Как радостна была эта мысль о соединении с собой через «утраченное время» и преодоленную боль. Во мне зародилась надежда, что утраченное время все-таки не исчезает, что оно найдется, даже больше — наступит освобождение от времени, когда дух мой завершит развитие, достигнет совершенства. Время остановится — наступит вечный миг. Так я стал трогательным идеалистом и страстно поверил в то, чего не может быть. Я еще не знал тогда, что другой великий немец, Гёте, уже доказал, что утраченное время не возвращается, даже если заложишь душу дьяволу. Но, так или иначе, мое заблуждение спасло меня, потому что летом пятьдесят девятого я с деловой расчетливой будничностью думал о самоубийстве.
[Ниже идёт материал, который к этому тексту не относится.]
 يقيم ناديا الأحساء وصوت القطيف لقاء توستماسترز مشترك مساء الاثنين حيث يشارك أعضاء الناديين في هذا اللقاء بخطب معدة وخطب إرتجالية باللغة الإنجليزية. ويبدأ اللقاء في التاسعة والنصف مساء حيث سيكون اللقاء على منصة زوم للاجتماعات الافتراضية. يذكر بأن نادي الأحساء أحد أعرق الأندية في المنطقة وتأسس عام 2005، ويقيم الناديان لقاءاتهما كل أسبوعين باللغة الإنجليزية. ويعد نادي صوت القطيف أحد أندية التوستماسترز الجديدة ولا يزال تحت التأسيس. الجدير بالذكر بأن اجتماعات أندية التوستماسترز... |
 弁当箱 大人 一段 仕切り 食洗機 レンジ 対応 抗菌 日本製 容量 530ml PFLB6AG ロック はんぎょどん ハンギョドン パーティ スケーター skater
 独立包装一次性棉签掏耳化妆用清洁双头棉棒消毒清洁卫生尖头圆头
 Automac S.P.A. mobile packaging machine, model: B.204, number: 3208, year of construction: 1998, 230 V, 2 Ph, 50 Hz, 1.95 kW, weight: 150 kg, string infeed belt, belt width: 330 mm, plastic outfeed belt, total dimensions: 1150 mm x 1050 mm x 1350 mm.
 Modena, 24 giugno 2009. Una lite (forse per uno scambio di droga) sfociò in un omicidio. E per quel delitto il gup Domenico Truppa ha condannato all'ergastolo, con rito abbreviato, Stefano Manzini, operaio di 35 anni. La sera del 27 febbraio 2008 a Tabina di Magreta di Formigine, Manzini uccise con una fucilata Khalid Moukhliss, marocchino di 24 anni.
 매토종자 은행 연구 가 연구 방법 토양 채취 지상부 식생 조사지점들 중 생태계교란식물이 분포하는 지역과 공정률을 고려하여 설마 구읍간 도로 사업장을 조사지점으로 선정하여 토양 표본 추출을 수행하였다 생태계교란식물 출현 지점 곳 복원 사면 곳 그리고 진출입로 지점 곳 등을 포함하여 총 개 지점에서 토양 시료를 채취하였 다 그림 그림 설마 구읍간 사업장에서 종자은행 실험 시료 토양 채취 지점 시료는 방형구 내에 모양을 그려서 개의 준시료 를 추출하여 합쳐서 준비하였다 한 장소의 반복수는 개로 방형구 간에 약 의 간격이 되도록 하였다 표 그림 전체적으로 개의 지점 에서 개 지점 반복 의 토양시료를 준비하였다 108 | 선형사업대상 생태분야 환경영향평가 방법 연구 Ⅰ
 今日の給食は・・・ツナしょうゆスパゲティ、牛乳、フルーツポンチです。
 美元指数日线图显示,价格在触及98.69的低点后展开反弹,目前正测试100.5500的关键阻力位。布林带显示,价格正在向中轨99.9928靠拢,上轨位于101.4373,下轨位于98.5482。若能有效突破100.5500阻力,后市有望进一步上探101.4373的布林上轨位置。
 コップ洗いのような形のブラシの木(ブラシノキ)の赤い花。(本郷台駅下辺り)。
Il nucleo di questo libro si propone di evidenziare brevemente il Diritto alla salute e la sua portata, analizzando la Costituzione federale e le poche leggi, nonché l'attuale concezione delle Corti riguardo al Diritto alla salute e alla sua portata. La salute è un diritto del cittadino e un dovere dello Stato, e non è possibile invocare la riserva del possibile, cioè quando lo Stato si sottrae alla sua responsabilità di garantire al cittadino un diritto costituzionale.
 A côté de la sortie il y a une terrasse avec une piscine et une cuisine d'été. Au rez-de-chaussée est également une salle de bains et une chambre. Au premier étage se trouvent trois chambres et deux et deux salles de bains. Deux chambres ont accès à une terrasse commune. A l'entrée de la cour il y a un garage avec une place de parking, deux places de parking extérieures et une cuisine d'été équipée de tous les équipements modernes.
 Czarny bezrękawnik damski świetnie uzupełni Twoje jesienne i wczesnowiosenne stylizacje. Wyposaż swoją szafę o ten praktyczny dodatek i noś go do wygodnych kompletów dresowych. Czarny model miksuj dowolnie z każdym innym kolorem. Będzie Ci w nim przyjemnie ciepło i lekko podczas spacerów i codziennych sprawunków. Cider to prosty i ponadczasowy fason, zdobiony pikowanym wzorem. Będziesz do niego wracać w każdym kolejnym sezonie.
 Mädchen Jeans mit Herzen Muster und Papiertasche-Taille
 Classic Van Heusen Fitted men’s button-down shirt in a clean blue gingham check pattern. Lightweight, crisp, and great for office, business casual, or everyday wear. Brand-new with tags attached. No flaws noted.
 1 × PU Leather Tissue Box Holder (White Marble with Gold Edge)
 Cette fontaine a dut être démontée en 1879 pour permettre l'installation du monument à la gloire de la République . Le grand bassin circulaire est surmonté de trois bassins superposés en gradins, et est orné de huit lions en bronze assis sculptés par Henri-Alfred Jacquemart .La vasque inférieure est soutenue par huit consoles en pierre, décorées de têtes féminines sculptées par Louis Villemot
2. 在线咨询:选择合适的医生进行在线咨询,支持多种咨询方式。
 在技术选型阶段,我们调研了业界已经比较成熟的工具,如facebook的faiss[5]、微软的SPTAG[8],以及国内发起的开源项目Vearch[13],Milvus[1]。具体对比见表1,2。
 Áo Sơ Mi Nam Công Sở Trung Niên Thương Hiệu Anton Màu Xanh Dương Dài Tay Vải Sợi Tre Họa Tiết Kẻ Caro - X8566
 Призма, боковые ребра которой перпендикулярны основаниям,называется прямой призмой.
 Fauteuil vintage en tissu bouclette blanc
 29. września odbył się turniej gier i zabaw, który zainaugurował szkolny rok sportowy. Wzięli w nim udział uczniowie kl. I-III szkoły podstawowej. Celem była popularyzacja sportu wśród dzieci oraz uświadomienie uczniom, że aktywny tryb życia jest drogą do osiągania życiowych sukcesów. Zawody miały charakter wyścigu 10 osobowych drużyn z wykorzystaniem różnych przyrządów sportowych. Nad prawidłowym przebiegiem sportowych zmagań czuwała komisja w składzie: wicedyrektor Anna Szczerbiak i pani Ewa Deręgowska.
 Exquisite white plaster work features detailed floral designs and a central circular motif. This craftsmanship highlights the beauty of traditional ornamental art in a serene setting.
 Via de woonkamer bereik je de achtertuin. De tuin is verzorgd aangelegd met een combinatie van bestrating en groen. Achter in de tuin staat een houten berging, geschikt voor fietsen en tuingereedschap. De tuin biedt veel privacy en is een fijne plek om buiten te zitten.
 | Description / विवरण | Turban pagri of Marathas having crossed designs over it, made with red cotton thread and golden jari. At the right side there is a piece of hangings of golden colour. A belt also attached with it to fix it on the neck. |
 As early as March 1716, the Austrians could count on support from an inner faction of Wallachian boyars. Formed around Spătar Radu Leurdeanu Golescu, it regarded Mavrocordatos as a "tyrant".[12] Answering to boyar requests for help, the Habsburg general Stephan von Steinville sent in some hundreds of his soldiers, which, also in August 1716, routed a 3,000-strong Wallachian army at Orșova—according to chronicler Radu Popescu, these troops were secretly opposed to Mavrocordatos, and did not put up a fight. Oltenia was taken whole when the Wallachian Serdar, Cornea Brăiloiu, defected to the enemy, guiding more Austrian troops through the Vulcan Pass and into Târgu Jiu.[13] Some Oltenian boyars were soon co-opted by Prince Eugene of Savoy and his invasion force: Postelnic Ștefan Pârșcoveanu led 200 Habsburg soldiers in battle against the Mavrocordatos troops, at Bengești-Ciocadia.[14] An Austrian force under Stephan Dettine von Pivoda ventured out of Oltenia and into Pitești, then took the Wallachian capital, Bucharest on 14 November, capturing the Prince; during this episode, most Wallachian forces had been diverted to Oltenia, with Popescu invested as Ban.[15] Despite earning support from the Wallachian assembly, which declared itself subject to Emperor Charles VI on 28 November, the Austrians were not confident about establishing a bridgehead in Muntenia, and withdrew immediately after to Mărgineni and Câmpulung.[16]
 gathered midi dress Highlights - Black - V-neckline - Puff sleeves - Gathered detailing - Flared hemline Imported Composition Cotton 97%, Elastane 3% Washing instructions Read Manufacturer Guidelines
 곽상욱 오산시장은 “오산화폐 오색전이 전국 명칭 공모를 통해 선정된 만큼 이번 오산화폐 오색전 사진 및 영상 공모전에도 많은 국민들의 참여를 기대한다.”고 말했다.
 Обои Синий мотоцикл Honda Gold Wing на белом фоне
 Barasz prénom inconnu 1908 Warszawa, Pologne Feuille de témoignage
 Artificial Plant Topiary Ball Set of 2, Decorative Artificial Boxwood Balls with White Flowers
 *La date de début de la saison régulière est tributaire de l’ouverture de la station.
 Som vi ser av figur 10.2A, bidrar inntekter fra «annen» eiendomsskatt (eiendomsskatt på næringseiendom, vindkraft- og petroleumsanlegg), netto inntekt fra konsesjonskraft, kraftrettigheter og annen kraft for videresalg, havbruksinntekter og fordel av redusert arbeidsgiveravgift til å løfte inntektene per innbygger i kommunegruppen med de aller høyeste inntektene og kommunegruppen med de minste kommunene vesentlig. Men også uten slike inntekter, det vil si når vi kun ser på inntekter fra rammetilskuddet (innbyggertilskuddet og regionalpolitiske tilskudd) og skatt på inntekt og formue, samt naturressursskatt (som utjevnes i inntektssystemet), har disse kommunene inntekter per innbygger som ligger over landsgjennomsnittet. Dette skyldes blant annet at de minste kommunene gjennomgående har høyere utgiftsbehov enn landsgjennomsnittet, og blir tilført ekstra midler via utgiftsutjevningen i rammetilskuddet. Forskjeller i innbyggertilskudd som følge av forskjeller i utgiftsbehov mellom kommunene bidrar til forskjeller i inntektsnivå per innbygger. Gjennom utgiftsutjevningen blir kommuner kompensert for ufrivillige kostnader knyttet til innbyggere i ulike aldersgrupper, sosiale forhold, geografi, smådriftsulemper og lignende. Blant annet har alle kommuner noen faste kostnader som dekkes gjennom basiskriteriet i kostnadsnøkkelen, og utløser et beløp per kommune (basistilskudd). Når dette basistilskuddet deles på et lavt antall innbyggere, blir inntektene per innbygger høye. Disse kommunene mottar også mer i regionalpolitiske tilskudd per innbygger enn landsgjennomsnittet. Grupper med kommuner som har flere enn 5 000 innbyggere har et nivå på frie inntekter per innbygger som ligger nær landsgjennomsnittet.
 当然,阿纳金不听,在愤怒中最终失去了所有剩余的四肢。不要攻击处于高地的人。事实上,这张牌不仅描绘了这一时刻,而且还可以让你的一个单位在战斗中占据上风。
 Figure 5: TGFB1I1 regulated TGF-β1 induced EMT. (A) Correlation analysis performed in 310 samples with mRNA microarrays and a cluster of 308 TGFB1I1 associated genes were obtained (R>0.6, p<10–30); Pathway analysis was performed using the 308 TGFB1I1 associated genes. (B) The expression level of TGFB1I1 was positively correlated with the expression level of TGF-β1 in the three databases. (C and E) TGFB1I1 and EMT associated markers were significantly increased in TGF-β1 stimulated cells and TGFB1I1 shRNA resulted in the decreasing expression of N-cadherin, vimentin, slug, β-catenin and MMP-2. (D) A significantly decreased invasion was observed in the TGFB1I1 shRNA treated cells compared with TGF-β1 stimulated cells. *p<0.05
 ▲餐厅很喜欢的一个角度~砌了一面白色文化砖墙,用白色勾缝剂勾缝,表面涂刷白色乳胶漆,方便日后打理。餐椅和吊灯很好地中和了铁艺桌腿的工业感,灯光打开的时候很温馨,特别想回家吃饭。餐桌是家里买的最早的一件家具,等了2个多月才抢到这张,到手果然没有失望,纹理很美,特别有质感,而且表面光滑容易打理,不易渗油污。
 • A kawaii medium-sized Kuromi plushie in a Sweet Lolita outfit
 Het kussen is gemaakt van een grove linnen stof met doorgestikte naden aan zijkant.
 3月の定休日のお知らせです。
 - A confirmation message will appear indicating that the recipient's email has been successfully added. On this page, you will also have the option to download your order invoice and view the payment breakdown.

В этих мыслях, в ощущении неожиданно привалившего богатства незаметно вспыхнуло и угасло и без того короткое таежное лето и с большеземельскими ветрами в тайгу ворвалась сухая холодная осень. Но даже это предвестие неласковой зимы радовало меня, потому что я стал идеалистом и верил в возвращение времени. Правда, был в этой радости и более прозаический оттенок: утренние морозы хоть чуть-чуть укрепляли колеи разъезженных болотистых дорог и первые дневные ездки давались без обычного напряжения. Вообще, казалось, что жизнь изменилась, я перестал мучиться бессонницей, чуть мягче относился к сотоварищам и, вихляя в топких колеях или буксуя на подъемах, воображал, что приближаюсь к счастью.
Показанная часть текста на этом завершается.